Instructions for the task »
The records below are to be copied word for word, with every picture left out.
-*-*-
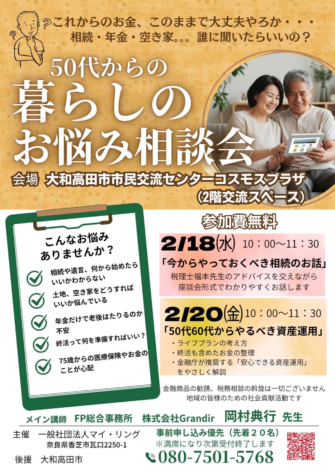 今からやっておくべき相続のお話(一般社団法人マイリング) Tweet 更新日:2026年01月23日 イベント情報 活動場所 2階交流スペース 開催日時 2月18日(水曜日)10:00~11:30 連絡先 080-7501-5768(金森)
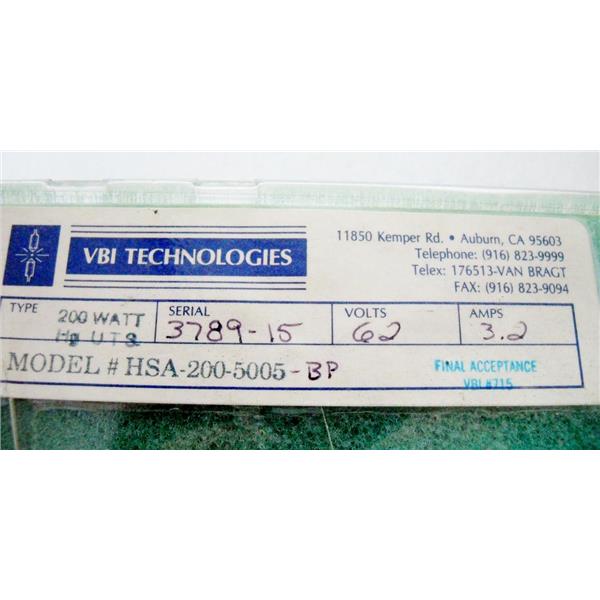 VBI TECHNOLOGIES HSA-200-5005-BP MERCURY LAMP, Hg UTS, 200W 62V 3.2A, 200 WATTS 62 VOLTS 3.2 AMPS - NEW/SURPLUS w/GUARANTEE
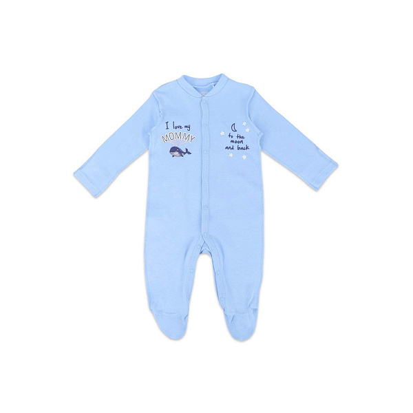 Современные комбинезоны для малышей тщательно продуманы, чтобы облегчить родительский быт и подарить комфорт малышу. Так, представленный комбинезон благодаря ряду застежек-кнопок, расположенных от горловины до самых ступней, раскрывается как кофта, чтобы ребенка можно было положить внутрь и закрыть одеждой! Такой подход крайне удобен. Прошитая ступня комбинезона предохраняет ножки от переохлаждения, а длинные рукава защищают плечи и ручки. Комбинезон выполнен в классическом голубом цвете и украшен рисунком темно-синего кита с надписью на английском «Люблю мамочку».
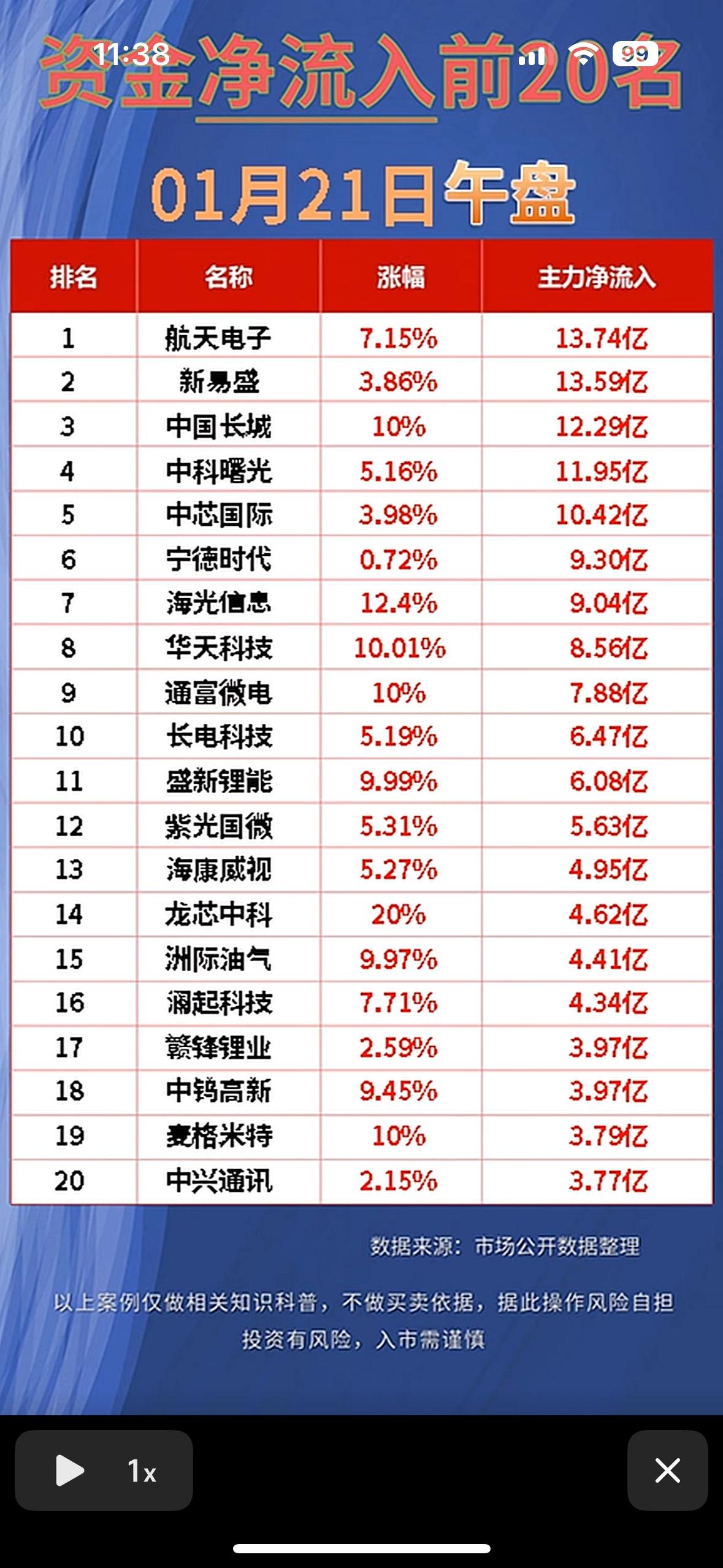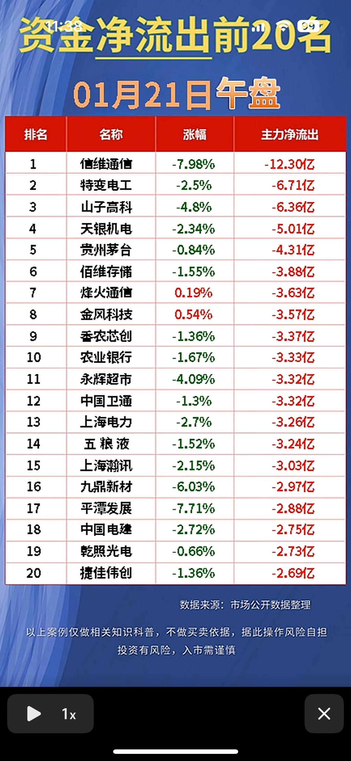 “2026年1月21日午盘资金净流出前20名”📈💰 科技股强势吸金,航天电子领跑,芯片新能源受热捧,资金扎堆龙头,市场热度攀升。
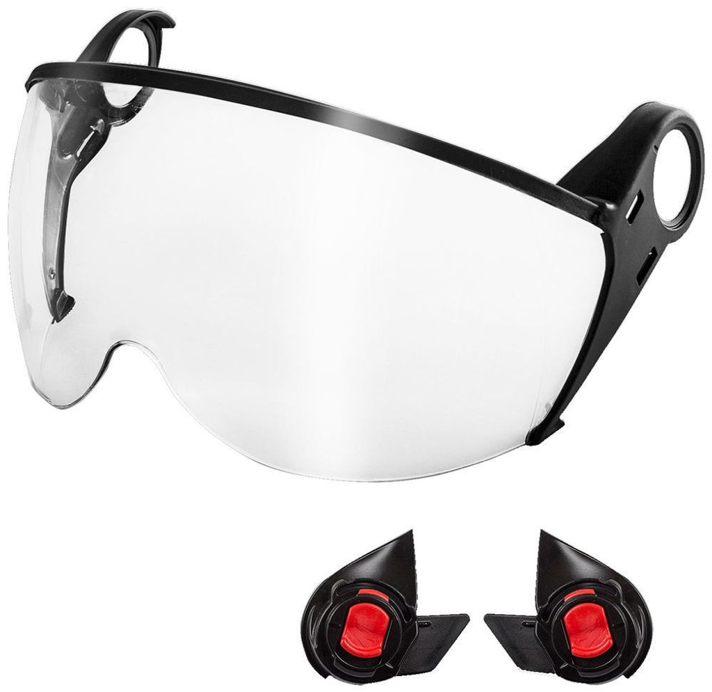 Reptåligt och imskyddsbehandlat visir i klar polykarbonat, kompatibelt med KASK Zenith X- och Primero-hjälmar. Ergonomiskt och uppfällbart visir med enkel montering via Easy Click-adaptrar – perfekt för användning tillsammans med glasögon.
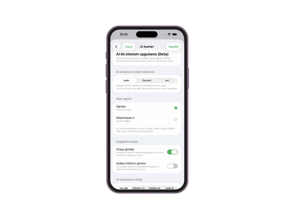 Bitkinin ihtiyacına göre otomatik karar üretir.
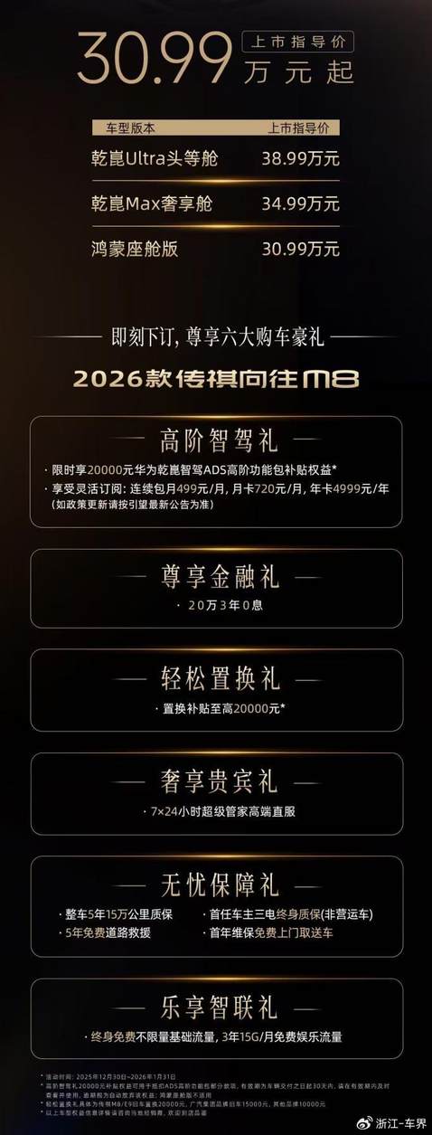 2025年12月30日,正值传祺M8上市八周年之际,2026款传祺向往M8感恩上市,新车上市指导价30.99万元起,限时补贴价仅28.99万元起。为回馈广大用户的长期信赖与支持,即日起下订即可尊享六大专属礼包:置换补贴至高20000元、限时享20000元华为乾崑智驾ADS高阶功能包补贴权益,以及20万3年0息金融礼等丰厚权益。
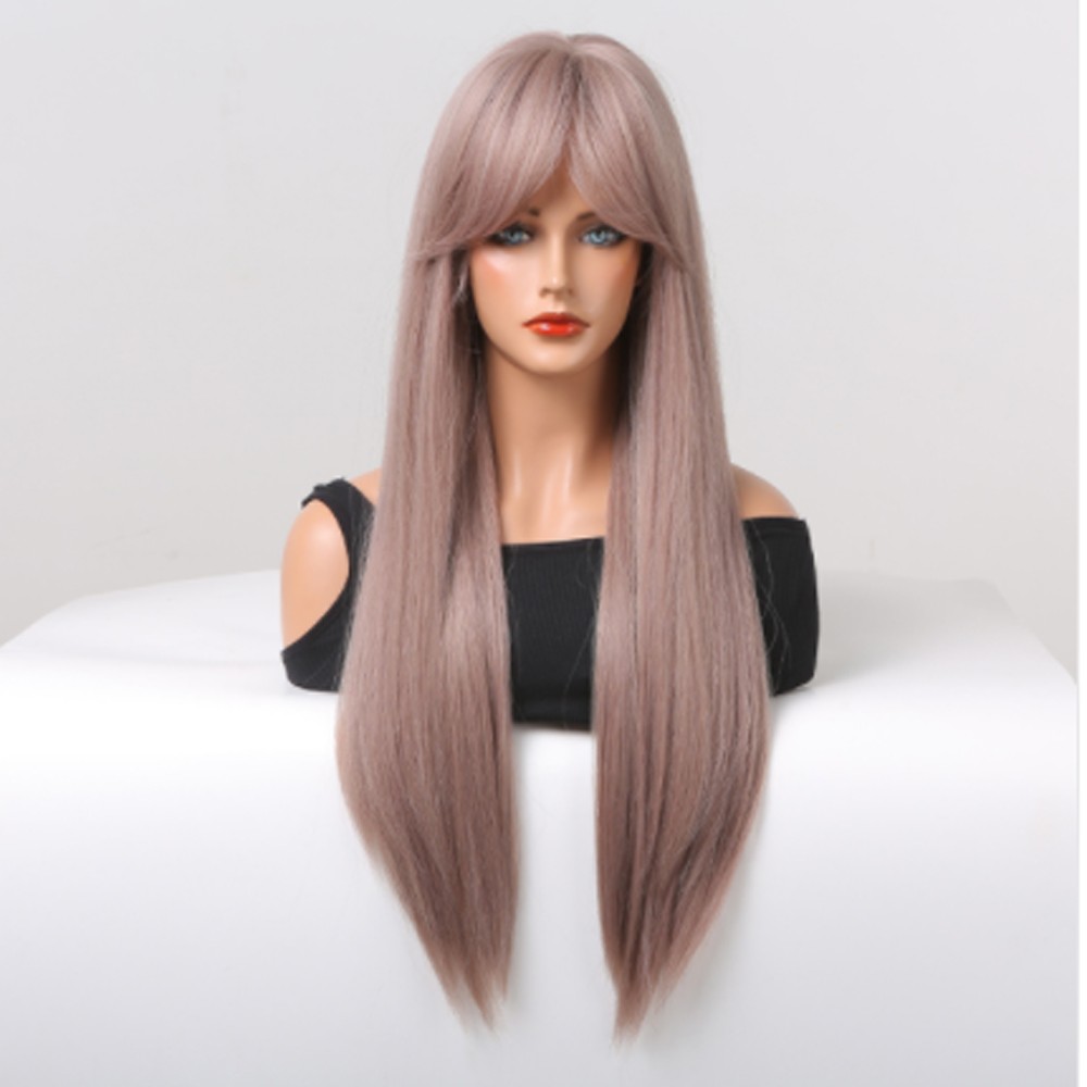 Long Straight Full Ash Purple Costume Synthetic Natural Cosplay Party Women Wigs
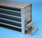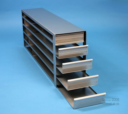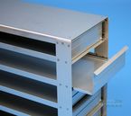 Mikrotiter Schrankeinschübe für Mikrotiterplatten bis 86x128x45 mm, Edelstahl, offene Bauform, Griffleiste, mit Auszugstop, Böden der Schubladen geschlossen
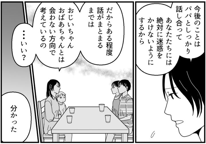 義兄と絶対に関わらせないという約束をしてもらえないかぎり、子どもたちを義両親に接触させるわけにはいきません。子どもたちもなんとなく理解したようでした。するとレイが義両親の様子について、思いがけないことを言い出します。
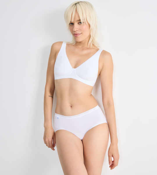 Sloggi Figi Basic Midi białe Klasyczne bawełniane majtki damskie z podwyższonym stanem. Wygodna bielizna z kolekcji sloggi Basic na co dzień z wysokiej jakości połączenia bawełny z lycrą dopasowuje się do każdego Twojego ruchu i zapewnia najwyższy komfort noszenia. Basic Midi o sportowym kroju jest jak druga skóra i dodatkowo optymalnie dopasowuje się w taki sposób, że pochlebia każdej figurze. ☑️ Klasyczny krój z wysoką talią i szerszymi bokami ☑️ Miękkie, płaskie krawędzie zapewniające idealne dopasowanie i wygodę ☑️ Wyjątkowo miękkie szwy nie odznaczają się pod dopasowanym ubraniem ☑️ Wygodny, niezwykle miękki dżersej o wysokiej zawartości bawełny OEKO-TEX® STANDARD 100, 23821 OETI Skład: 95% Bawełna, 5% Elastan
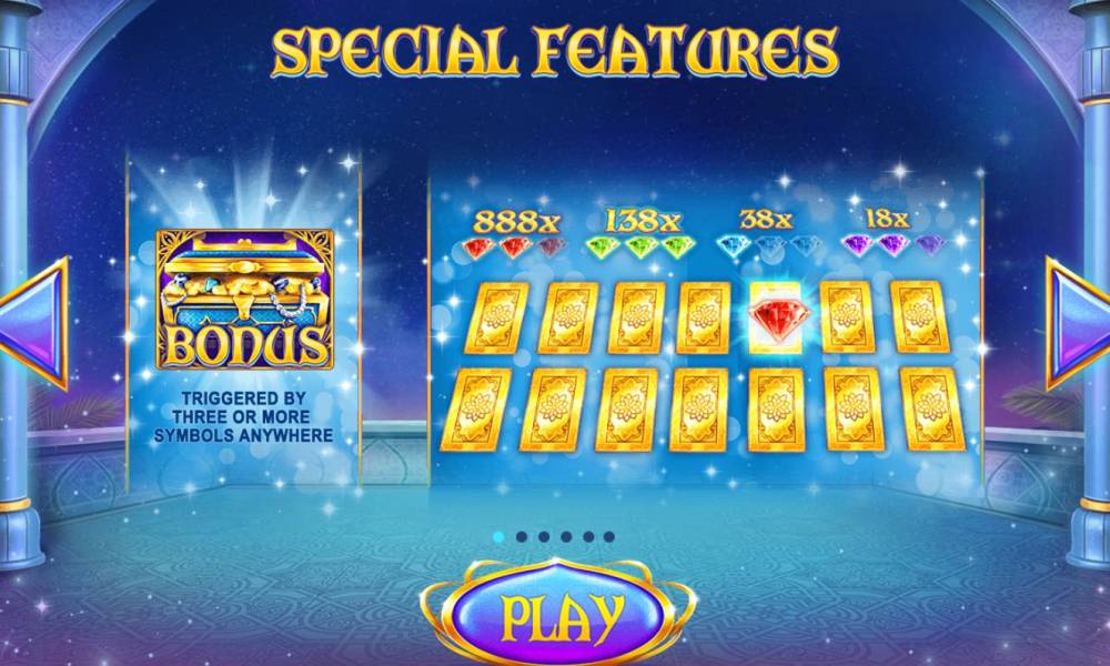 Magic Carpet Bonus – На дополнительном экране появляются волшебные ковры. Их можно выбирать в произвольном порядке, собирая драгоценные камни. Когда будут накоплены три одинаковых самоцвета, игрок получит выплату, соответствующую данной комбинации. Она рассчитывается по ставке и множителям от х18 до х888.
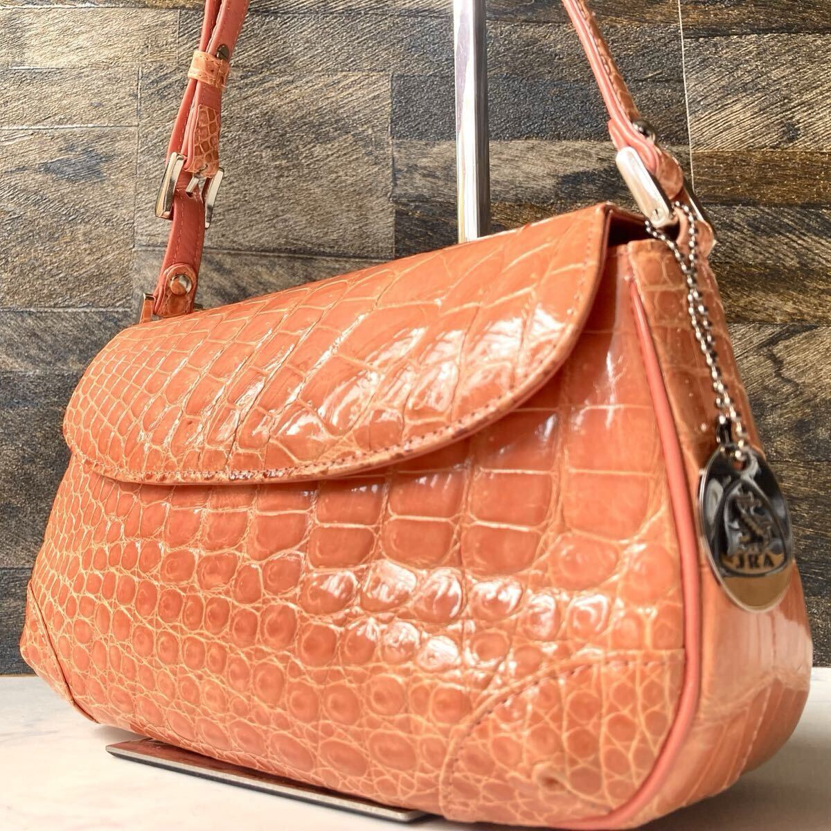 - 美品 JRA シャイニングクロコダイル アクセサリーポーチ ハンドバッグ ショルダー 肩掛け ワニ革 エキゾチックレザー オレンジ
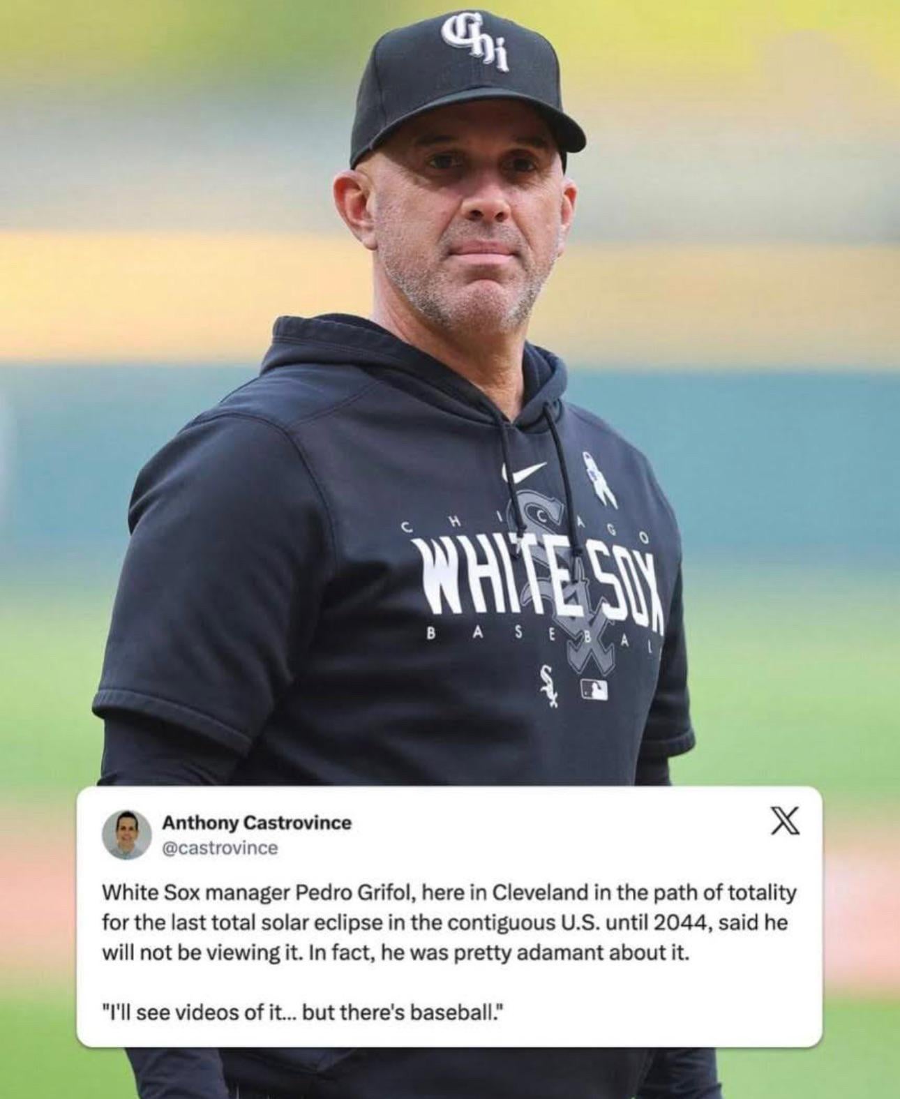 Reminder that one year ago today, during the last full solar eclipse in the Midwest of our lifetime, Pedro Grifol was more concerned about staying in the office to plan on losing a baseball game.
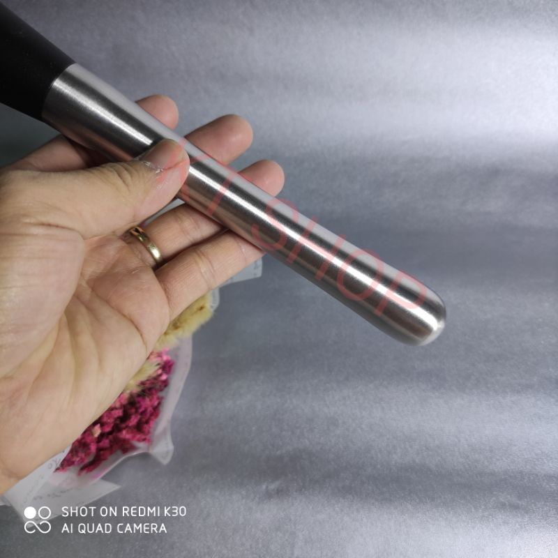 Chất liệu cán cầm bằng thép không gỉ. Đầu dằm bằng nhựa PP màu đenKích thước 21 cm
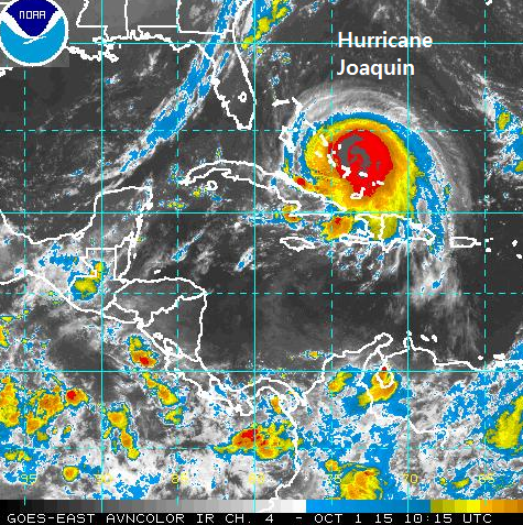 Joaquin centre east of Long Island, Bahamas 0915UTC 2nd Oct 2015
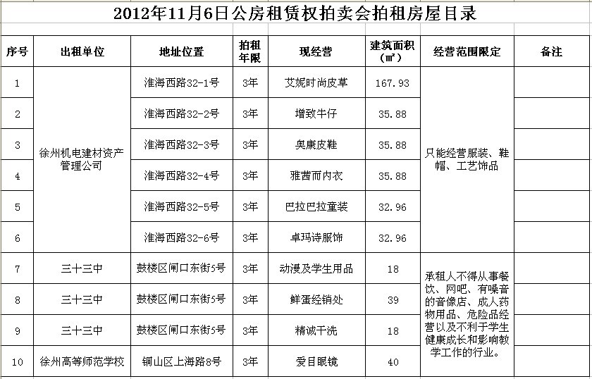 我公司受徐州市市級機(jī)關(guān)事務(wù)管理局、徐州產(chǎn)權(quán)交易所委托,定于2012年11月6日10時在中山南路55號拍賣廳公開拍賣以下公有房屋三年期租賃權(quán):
-*-*-
Task result »
 今からやっておくべき相続のお話(一般社団法人マイリング) Tweet 更新日:2026年01月23日 イベント情報 活動場所 2階交流スペース 開催日時 2月18日(水曜日)10:00~11:30 連絡先 080-7501-5768(金森)
 VBI TECHNOLOGIES HSA-200-5005-BP MERCURY LAMP, Hg UTS, 200W 62V 3.2A, 200 WATTS 62 VOLTS 3.2 AMPS - NEW/SURPLUS w/GUARANTEE
 Современные комбинезоны для малышей тщательно продуманы, чтобы облегчить родительский быт и подарить комфорт малышу. Так, представленный комбинезон благодаря ряду застежек-кнопок, расположенных от горловины до самых ступней, раскрывается как кофта, чтобы ребенка можно было положить внутрь и закрыть одеждой! Такой подход крайне удобен. Прошитая ступня комбинезона предохраняет ножки от переохлаждения, а длинные рукава защищают плечи и ручки. Комбинезон выполнен в классическом голубом цвете и украшен рисунком темно-синего кита с надписью на английском «Люблю мамочку».
 “2026年1月21日午盘资金净流出前20名”📈💰 科技股强势吸金,航天电子领跑,芯片新能源受热捧,资金扎堆龙头,市场热度攀升。
 Reptåligt och imskyddsbehandlat visir i klar polykarbonat, kompatibelt med KASK Zenith X- och Primero-hjälmar. Ergonomiskt och uppfällbart visir med enkel montering via Easy Click-adaptrar – perfekt för användning tillsammans med glasögon.
 Bitkinin ihtiyacına göre otomatik karar üretir.
 2025年12月30日,正值传祺M8上市八周年之际,2026款传祺向往M8感恩上市,新车上市指导价30.99万元起,限时补贴价仅28.99万元起。为回馈广大用户的长期信赖与支持,即日起下订即可尊享六大专属礼包:置换补贴至高20000元、限时享20000元华为乾崑智驾ADS高阶功能包补贴权益,以及20万3年0息金融礼等丰厚权益。
 Long Straight Full Ash Purple Costume Synthetic Natural Cosplay Party Women Wigs
 Mikrotiter Schrankeinschübe für Mikrotiterplatten bis 86x128x45 mm, Edelstahl, offene Bauform, Griffleiste, mit Auszugstop, Böden der Schubladen geschlossen
 義兄と絶対に関わらせないという約束をしてもらえないかぎり、子どもたちを義両親に接触させるわけにはいきません。子どもたちもなんとなく理解したようでした。するとレイが義両親の様子について、思いがけないことを言い出します。
 Sloggi Figi Basic Midi białe Klasyczne bawełniane majtki damskie z podwyższonym stanem. Wygodna bielizna z kolekcji sloggi Basic na co dzień z wysokiej jakości połączenia bawełny z lycrą dopasowuje się do każdego Twojego ruchu i zapewnia najwyższy komfort noszenia. Basic Midi o sportowym kroju jest jak druga skóra i dodatkowo optymalnie dopasowuje się w taki sposób, że pochlebia każdej figurze. ☑️ Klasyczny krój z wysoką talią i szerszymi bokami ☑️ Miękkie, płaskie krawędzie zapewniające idealne dopasowanie i wygodę ☑️ Wyjątkowo miękkie szwy nie odznaczają się pod dopasowanym ubraniem ☑️ Wygodny, niezwykle miękki dżersej o wysokiej zawartości bawełny OEKO-TEX® STANDARD 100, 23821 OETI Skład: 95% Bawełna, 5% Elastan
 Magic Carpet Bonus – На дополнительном экране появляются волшебные ковры. Их можно выбирать в произвольном порядке, собирая драгоценные камни. Когда будут накоплены три одинаковых самоцвета, игрок получит выплату, соответствующую данной комбинации. Она рассчитывается по ставке и множителям от х18 до х888.
 - 美品 JRA シャイニングクロコダイル アクセサリーポーチ ハンドバッグ ショルダー 肩掛け ワニ革 エキゾチックレザー オレンジ
 Reminder that one year ago today, during the last full solar eclipse in the Midwest of our lifetime, Pedro Grifol was more concerned about staying in the office to plan on losing a baseball game.
 Chất liệu cán cầm bằng thép không gỉ. Đầu dằm bằng nhựa PP màu đenKích thước 21 cm
 Joaquin centre east of Long Island, Bahamas 0915UTC 2nd Oct 2015
 我公司受徐州市市級機(jī)關(guān)事務(wù)管理局、徐州產(chǎn)權(quán)交易所委托,定于2012年11月6日10時在中山南路55號拍賣廳公開拍賣以下公有房屋三年期租賃權(quán):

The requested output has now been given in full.